Leave the pictures out and repeat the rest of the data below exactly.

> **Available data**:
»»

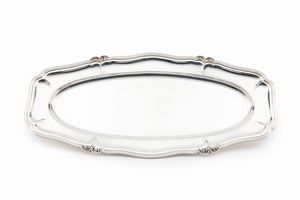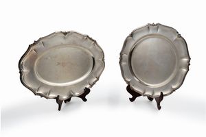 in argento, Peso kg 2,467 cm 48,50x33,50-37,00 Italia, XX secolo uno rotondo ed uno ovale con profili polilobati [..]
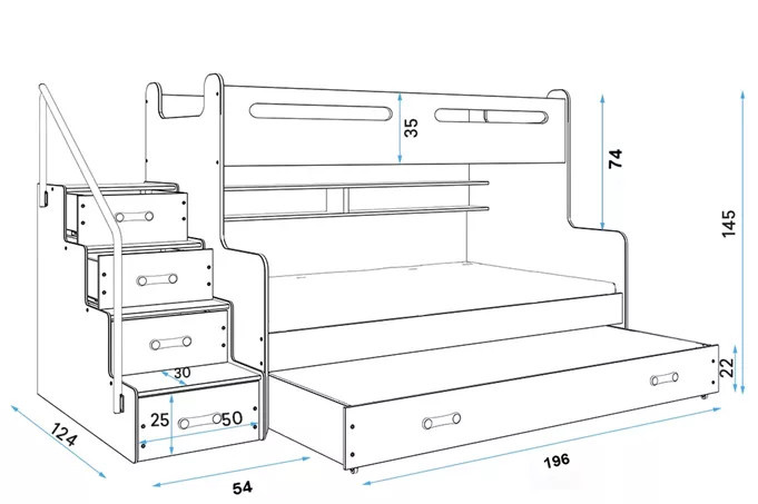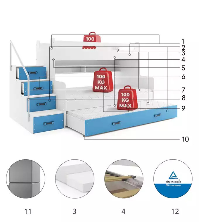 Dětská patrová postel MAX 3 Modrá bez matrace 120 X 200
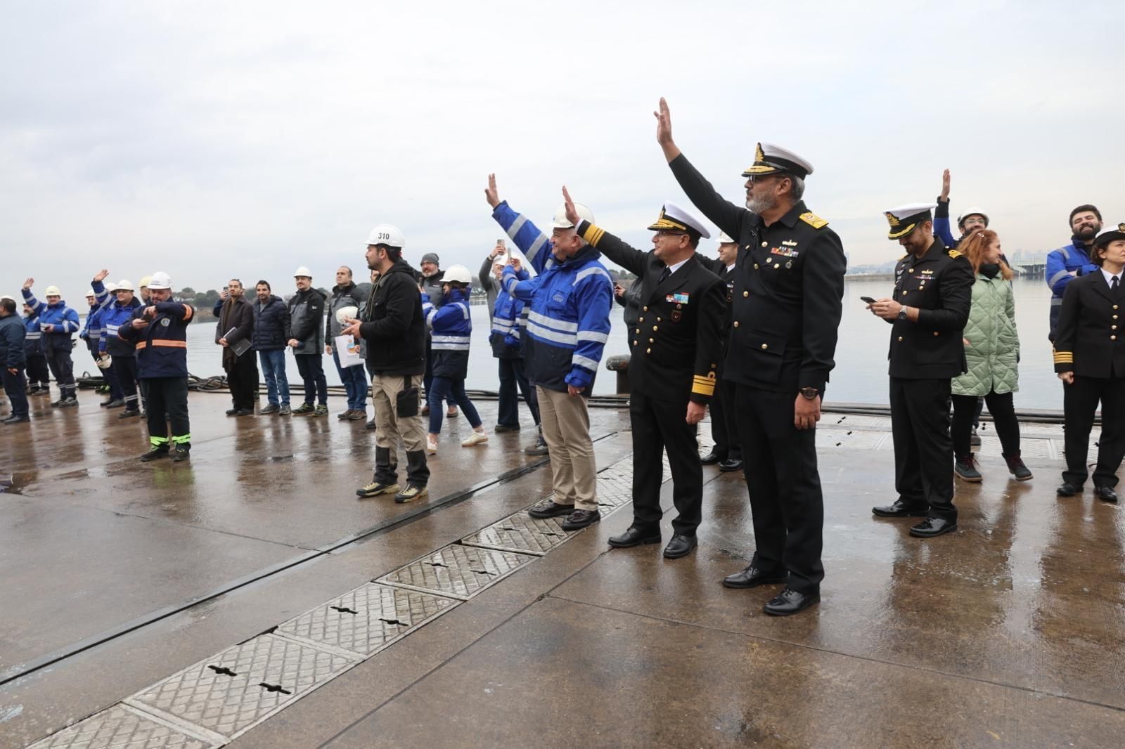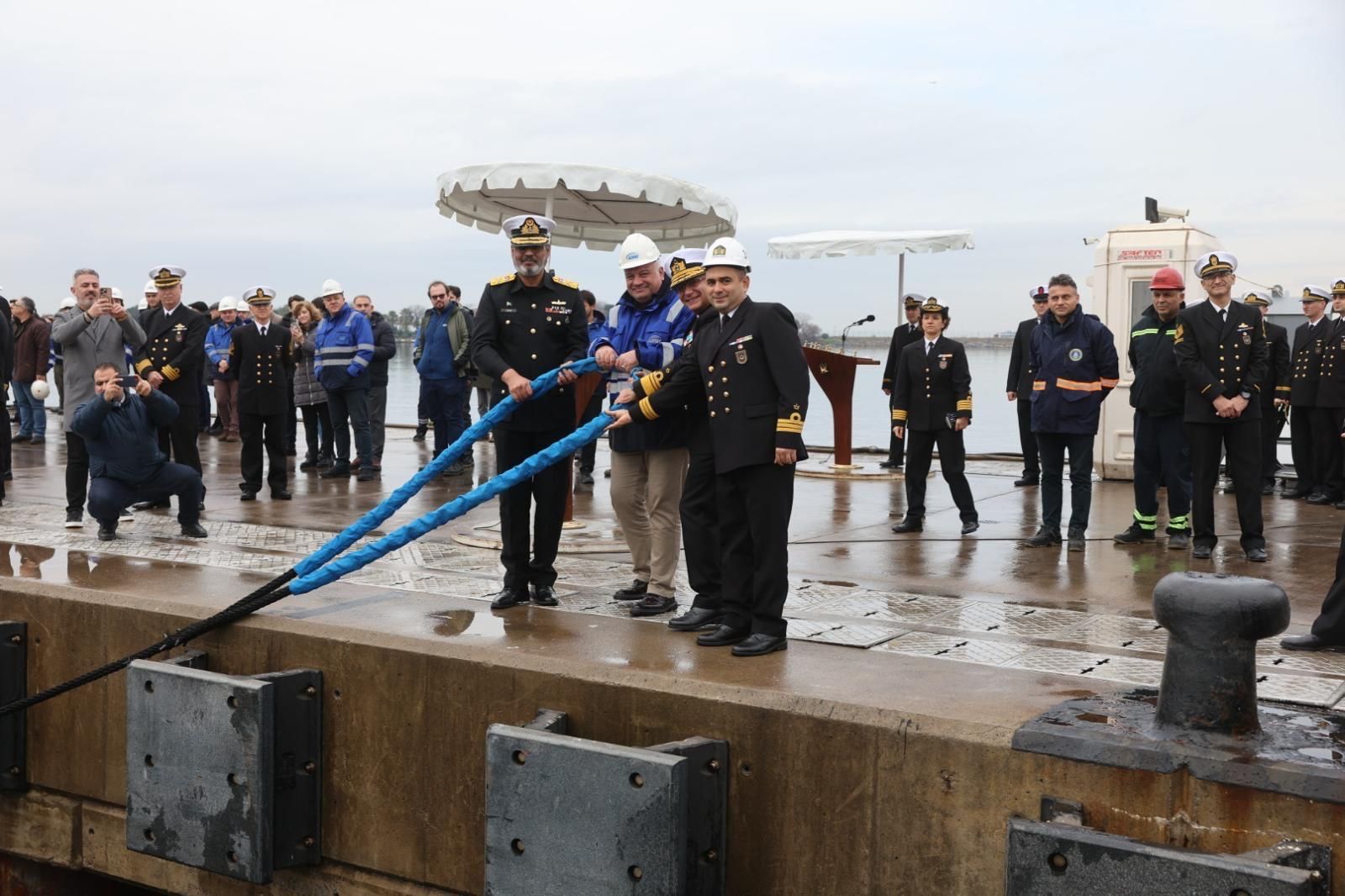 PNS KHAIBAR’ı uğurlama töreninde, İstanbul Tersanesi Komutanı Tümamiral Recep Erdinç Yetkin ile personel de hazır bulundu.

««

> **The answer**:
 in argento, Peso kg 2,467 cm 48,50x33,50-37,00 Italia, XX secolo uno rotondo ed uno ovale con profili polilobati [..]
 Dětská patrová postel MAX 3 Modrá bez matrace 120 X 200
 PNS KHAIBAR’ı uğurlama töreninde, İstanbul Tersanesi Komutanı Tümamiral Recep Erdinç Yetkin ile personel de hazır bulundu.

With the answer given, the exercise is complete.